Por Luisa Geisler
Começou com Raphael Montes sugerindo que eu era um pseudônimo, me comparou à Patrícia Melo. Em uma entrevista minha para o Estado de S.Paulo, ele sugeriu que fosse Antônio Xerxenesky. Ou até mesmo Rubem Fonseca.
Na mesma matéria, Joca Reiners Terron também suspeita que eu seja o Antônio.
O crítico Eder Alex diz estar quase chutando que eu seja o J.P. Cuenca.
Ora, obrigada.
Mas confesso estar um pouco decepcionada.
Meu primeiro texto para o blog da Companhia das Letras foi sobre Stephen King, a coisa toda. Uma das crônicas mais recentes tratava de por que gosto de escrever: por gostar de ser outras pessoas. Começo a viajar na entrevista falando de literatura e identidades. A escrita de meu livro atual está tomada por um “inexplicável” atraso.
É óbvio que eu sou Isabel Moustakas.
E vocês aí culpando um pobre doutorando que nem tem tempo para manter Facebook!
Confesso (de novo) que não ia abrir o jogo logo de cara. Estava me agradando a coisa toda do pseudônimo, de ser uma pessoa misteriosa, com foto misteriosa em preto e branco. Poder dar entrevista sem os ranços que já tenho (mesmo sendo pré-adolescente), poder lidar com zero expectativas. Nem me perguntaram como é ser jovem!

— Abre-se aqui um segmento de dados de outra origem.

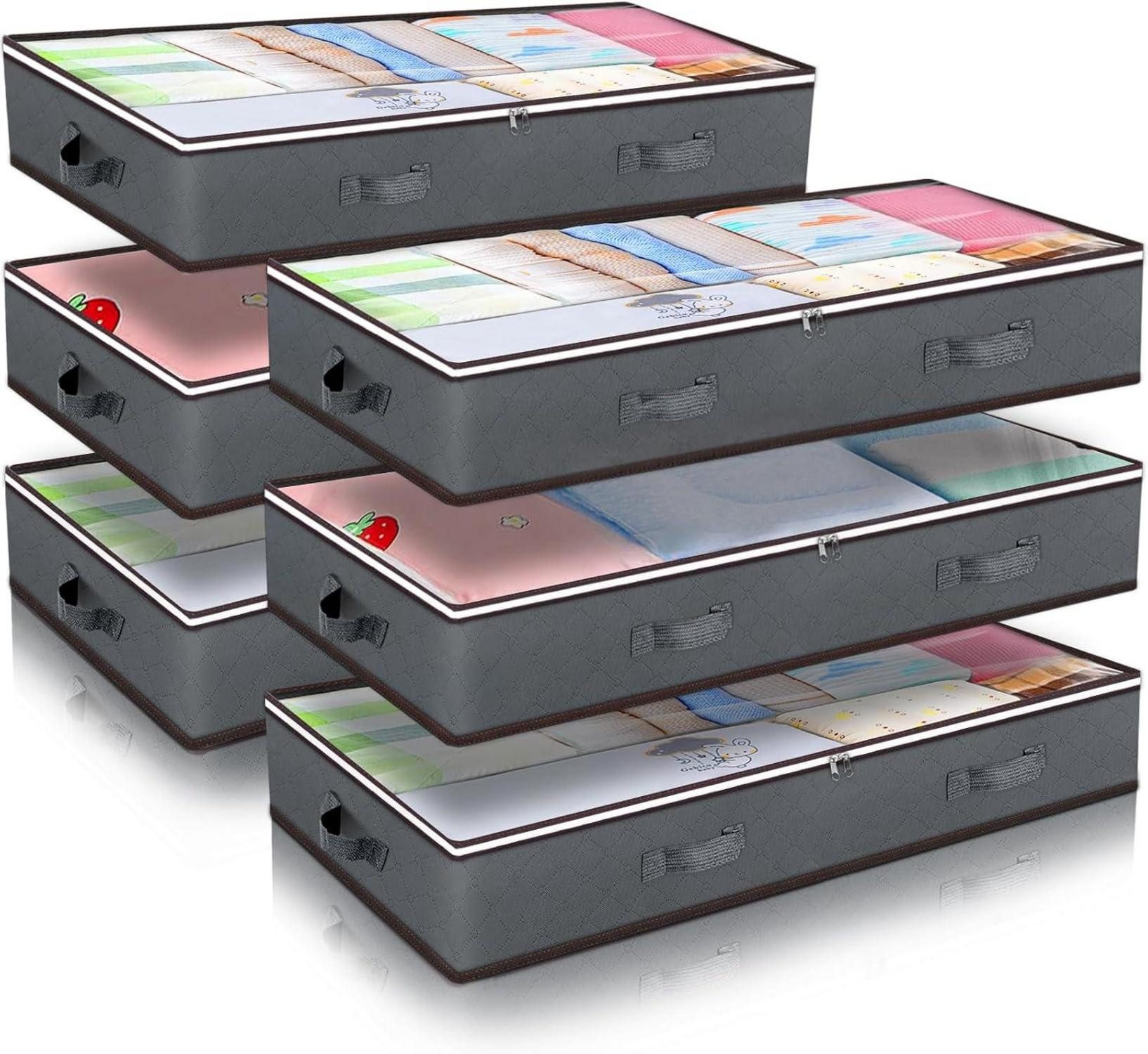 Die Budding Joy 6 Stück 90L Unterbettkommode ist die ideale Lösung für die Aufbewahrung von Kleidung, Bettdecken und Bettwäsche. Dank des robusten Edelstahl-Reißverschlusses bleiben Ihre Gegenstände vor Staub, Schädlingen und Feuchtigkeit geschützt. Die verstärkten Griffe ermöglichen ein einfaches Herausziehen der Kommode unter dem Bett und sorgen für eine zuverlässige Nutzung über lange Zeit.

Mas voltaram as expectativas e o jogo ficou chato de novo.
É claro que, se eu não fosse Isabel Moustakas, esse texto seria muito conveniente para a própria. E, se eu fosse Isabel Moustakas, esse texto seria mais conveniente ainda (para mim). Ora, olhem o tom jocoso, as piscadelas subentendidas, os risinhos só com os lábios. Se eu fosse Isabel Moustakas, a última coisa que faria seria sair por aí falando que sou. Não é verdade? (Aqui entraria uma piscadela subentendida). Mas se a última coisa que eu faria seria abrir o jogo, não aliviaria todas as suspeitas eu sair dizendo que sou?
Tipo quando a sua mãe pergunta quem é que quebrou o vaso da sala (você quebrou), e você olha para o seu irmão mais novo com uma cara feia e diz:
— Ah, é, fui eu.
Sabe qual a coisa menos incriminadora que pode acontecer durante um interrogatório em uma investigação de homicídio? Você dizer que se dava mal com a vítima, ou não gostava dela. Porque uma pessoa culpada vai tentar omitir isso, vai tentar parecer que tudo estava perfeito (aqui se nota a menção ao direito, formação de Isabel, e mais uma piscadela).
Então sou Isabel. E não sou também.
Se eu não soubesse que sou eu (e eu sei), eu chutaria a Elvira Vigna. Até porque é sabido como pago-pau pra Elvira e, no livro, tentei emular em parte o estilo dela. Mas se não fosse minha emulação, talvez fosse a Elvira original.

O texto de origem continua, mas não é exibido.